昨年天文館シネマパラダイスでのWKW4Kレストア版特集で観なかった2作を、今回ガーデンズシネマで観た。なーんと贅沢なキャスティングであることよ。こんなだったっけ?木村拓哉はこんなに出てたんだっけ?董潔がチラッと、張震がホイッと顔を見せて、何それだけ?タイのアイドルさんとかそういえば出てたんだったと思い出す20年近くも昔のこと。

梁朝偉はホテル暮らしをしている作家。ホテルオーナーの娘が王菲、彼女は日本人木村拓哉と恋愛中、父親にはその交際を反対されている。いいわ、行きましょう、など、日本語の練習?願望?の言葉を一人で発している場面が数回。大反対されて、恋人は日本に帰って行く。

作家には忘れられない恋人がいるらしい。どうやら「花様年華」のストーリーの張曼玉のようだ。2046号室に住む章子怡とはお金を介在させる関係のまま続いているが、彼女のほうは次第に作家への思いを募らせていく。

シンガポールで出会う巩俐といい、旗袍(チャイナドレス)姿の美しいことよ。コン・リーの役名は、花様年華のマギーの役名と同じだったそうだが、それはただの偶然か?カリーナ・ラウが「欲望の翼」と同じルルという名前なのは、同一人物?

で、作家はオーナーの娘に手伝わせながら小説を書き進める。それが劇中劇として描かれ、木村拓哉はそちらでは作家自身の役、というややこしさ。未来SFの形で、列車に乗って、何も変わらない、という場所2046を目指す。そこから帰ってきた者はいない、作家一人を除いて。

ずーっと、想いはすれ違う、ということを描いている監督だが、香港と日本で遠距離恋愛の若い二人はなんとか結婚したようで、お幸せでお過ごしを祈りたい。

花様年華

2000年作品。隣り合わせた部屋に、同じ日に引っ越してきた夫婦二組。

次第に、互いの連れ合い同志が、不倫関係にあることを感じる。傷つき、互いを慰めあうような空気が漂い、次第に色濃くなっていく。肉体的には何も無いまま。

一言で言うならそれだけの話なのだ。人目を避けるため、ホテルの部屋を借りる。片側が深紅のカーテンで覆われたホテルの廊下、深紅のコートでそこに立つマギー。こんな色合わせをほかの誰が・・・あ、鈴木清順なら!などと思って。そうしたら、最後、曲名が流れたらそこに『夢二のテーマ』って。鈴木清順監督作品の「夢二」は観ていないので、気づかなかった。昔見た時も、たぶん気づかなかったのだろう。鈴木清順監督作品へのオマージュと受け止めよう。

マギーや、アパートオーナーの着ているチャイナドレスがまことに美しい。

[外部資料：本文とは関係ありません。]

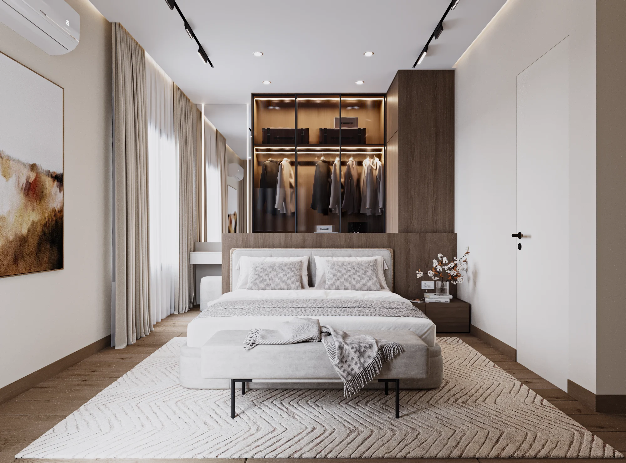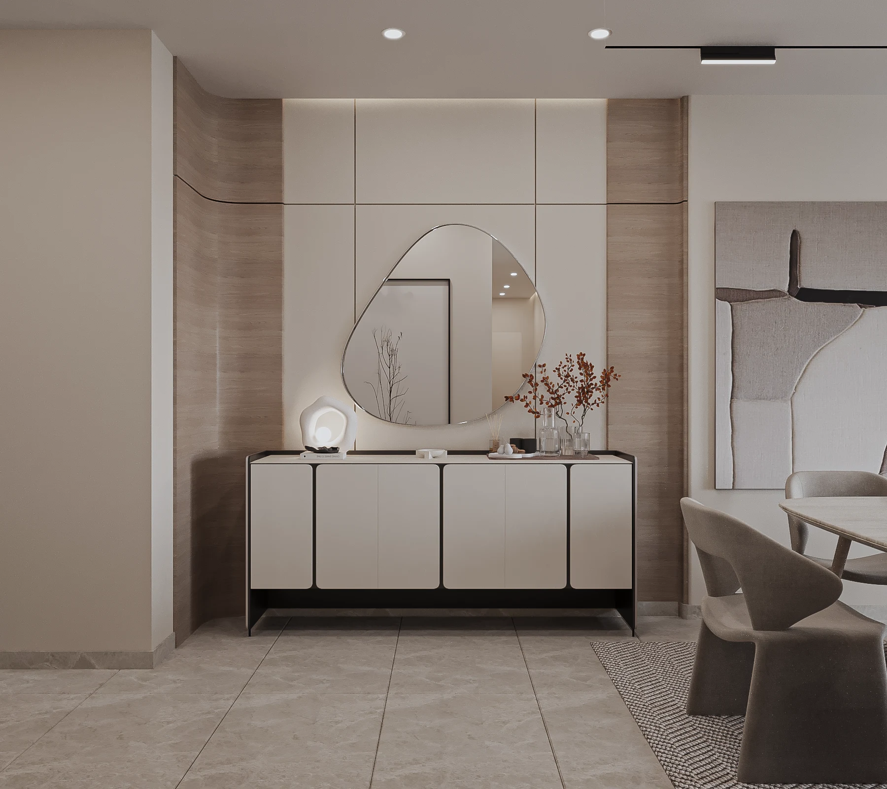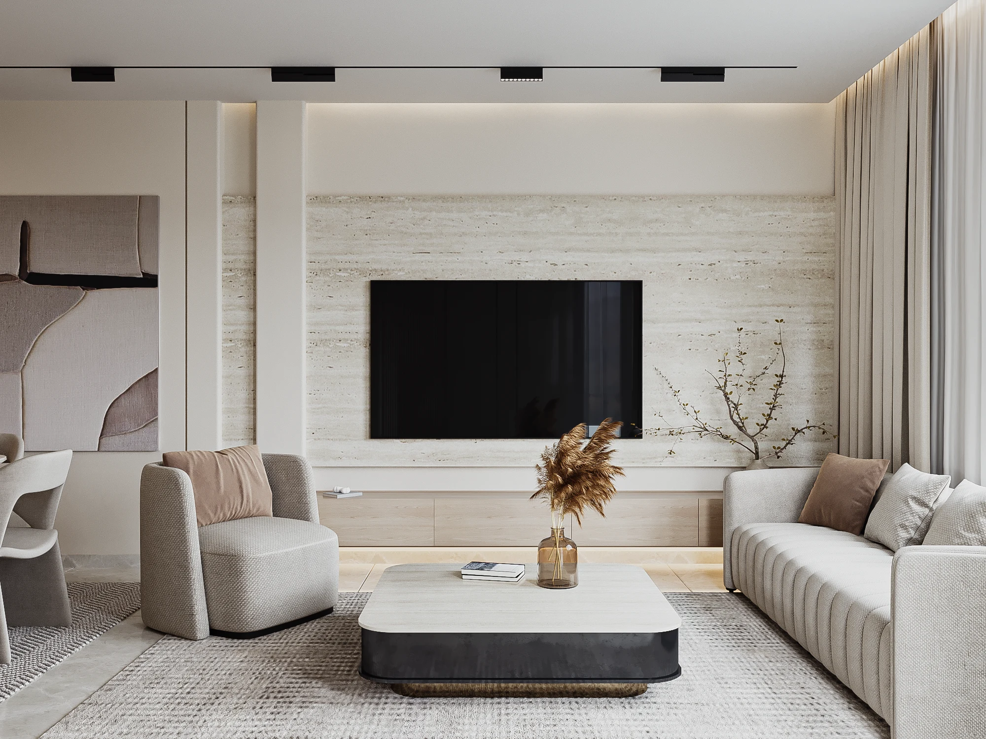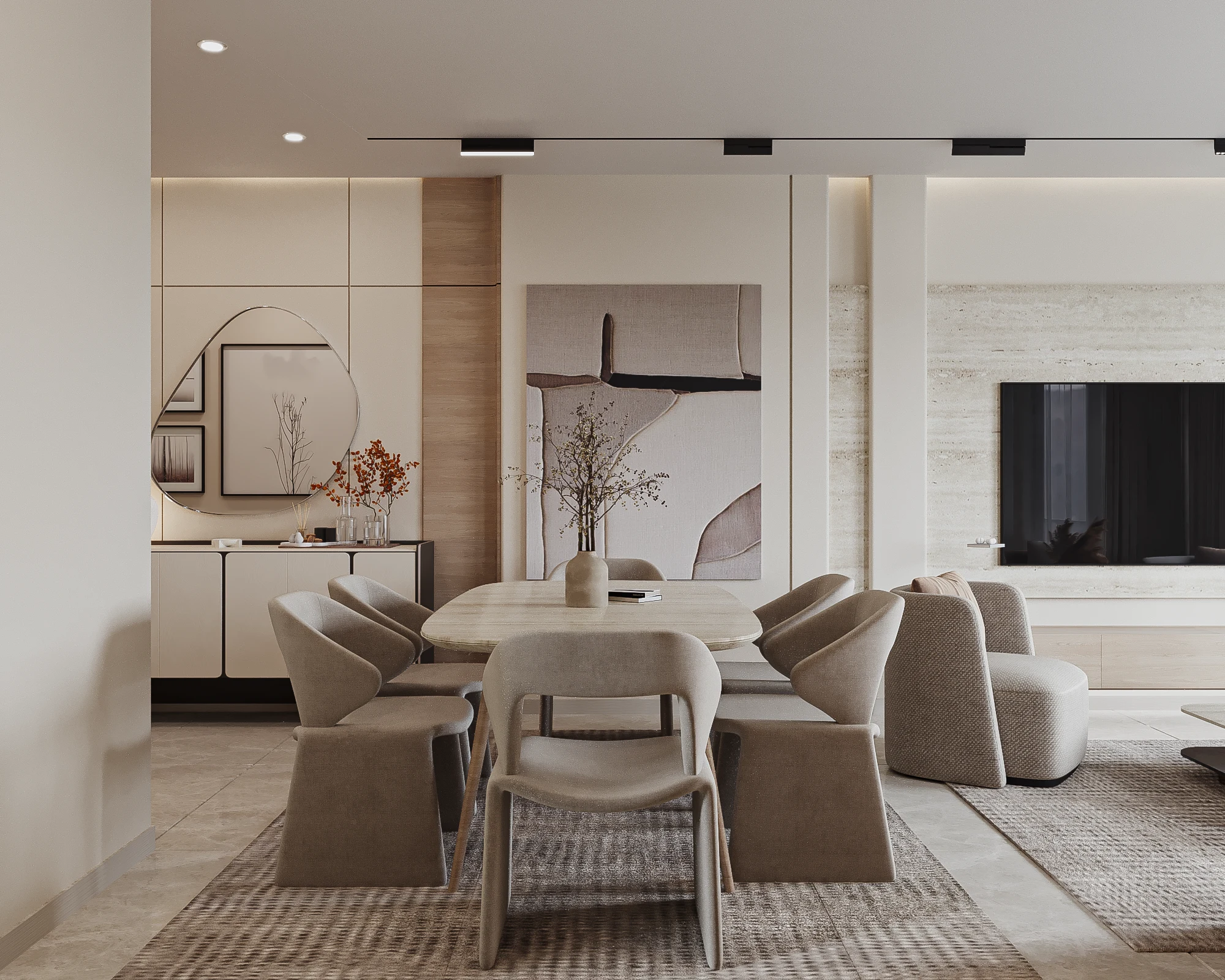 Capstone delivered a minimalist apartment, utilizing a sophisticated palette of soft greys, natural woods, and simple geometries. The design emphasizes open space and functionality, with integrated storage and clean-lined furniture, all as part of a turn-key project encompassing interior design, fit-out, and furnishing.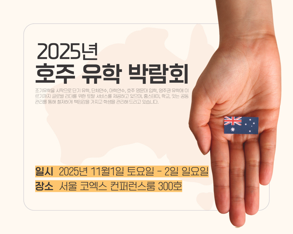 오는 11월 1일(토)과 2일(일), 서울 코엑스 컨퍼런스룸 300호에서 서울 호주 유학박람회가 열린다. 이번 박람회는 호주 대학교와 어학원이 대거 참가하여 호주 어학연수 및 유학 관련 최신 정보를 제공할 예정이다.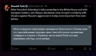 За словами Туска, після переговорів президента Зеленського у Білому домі та з європейськими лідерами, стало очевидно: солідарність Європи з Україною проти агресії росії нині важливіша, ніж будь-коли. «Після переговорів президента Зеленського в Білому домі та з європейськими лідерами одне стало абсолютно зрозумілим: солідарність Європи з Україною проти агресії росії сьогодні важливіша, ніж будь-коли», – заявив Туск.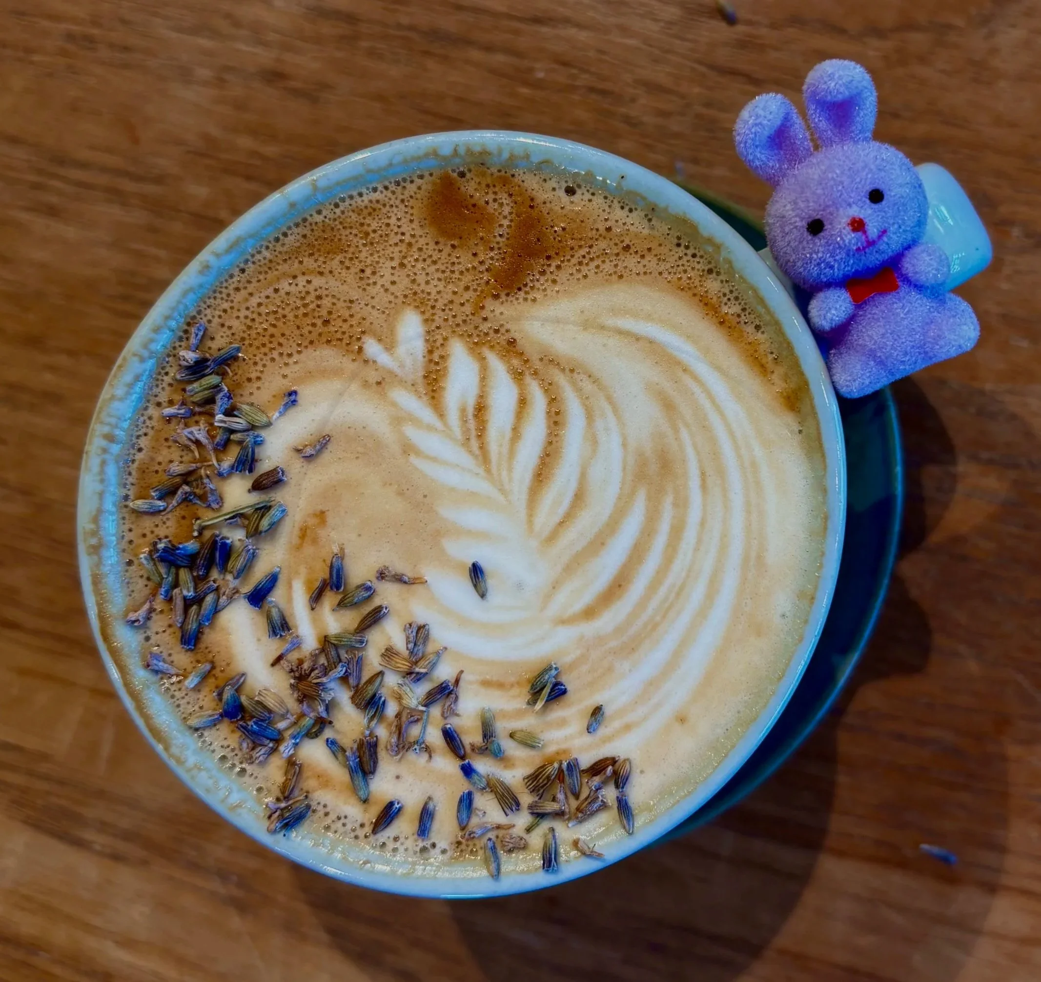 House-made lavender syrup, honey, espresso, with your choice of milk. Can be served hot or iced.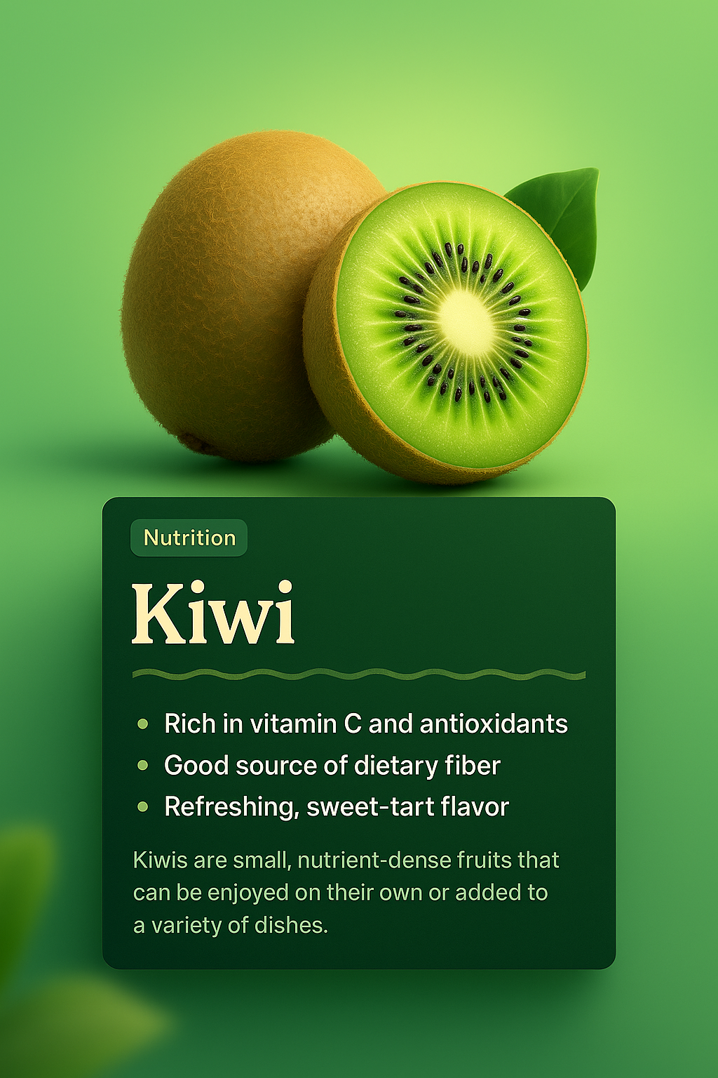 A vibrant 3D illustration of a kiwi fruit showcasing its internal structure. Accompanying text block highlights nutritional benefits with a green, cohesive design.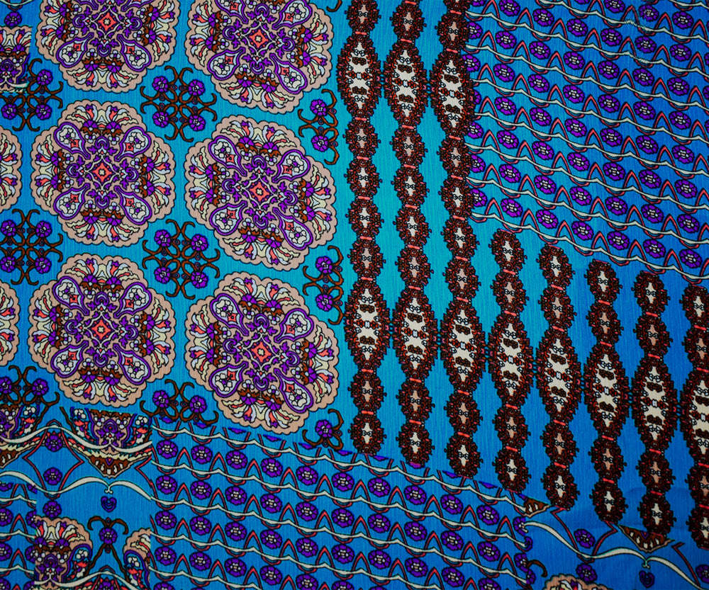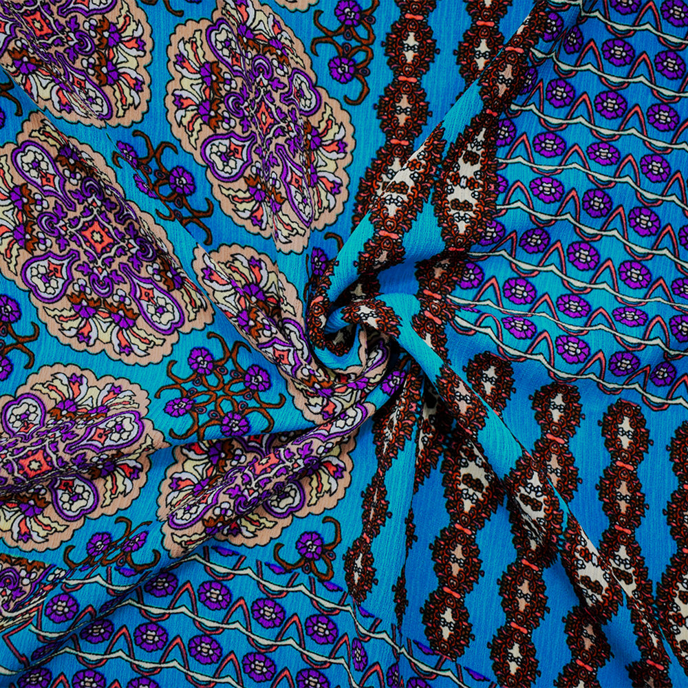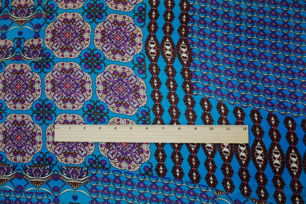 Turquoise-Brown-Multi Poly Mandala Printed Crinkled Dobby Woven Fabric

なんと、アートディレクター張淑平の母上が、60年代に着ていたものをリメイクしたんだって。中の上クラスの生活と思われ、それでも60年代香港の住環境はこんな感じなのか。

プラトニックなまま、一緒に、という誘いにもすれ違うまま、時が過ぎ、シンガポールで仕事についている彼の部屋に、赤い口紅がついた煙草の吸殻が。最後も、子連れになっている女が昔のアパートを借りる、そこでもすれ違う男と女。カンボジアのアンコールワットを訪れている男は、壁の穴に向かって何かをささやく。

・・・こんなお話ですが、王家衛作品の中でも「ブエノスアイレス」と並ぶ名作だと、改めて感じました。毎度のことながら、ストーリーを追いたい人には向かない王家衛。匂い、色彩、音、頭ではなく五感に届くなにか。あ、花様的年華という流行歌があったんだね。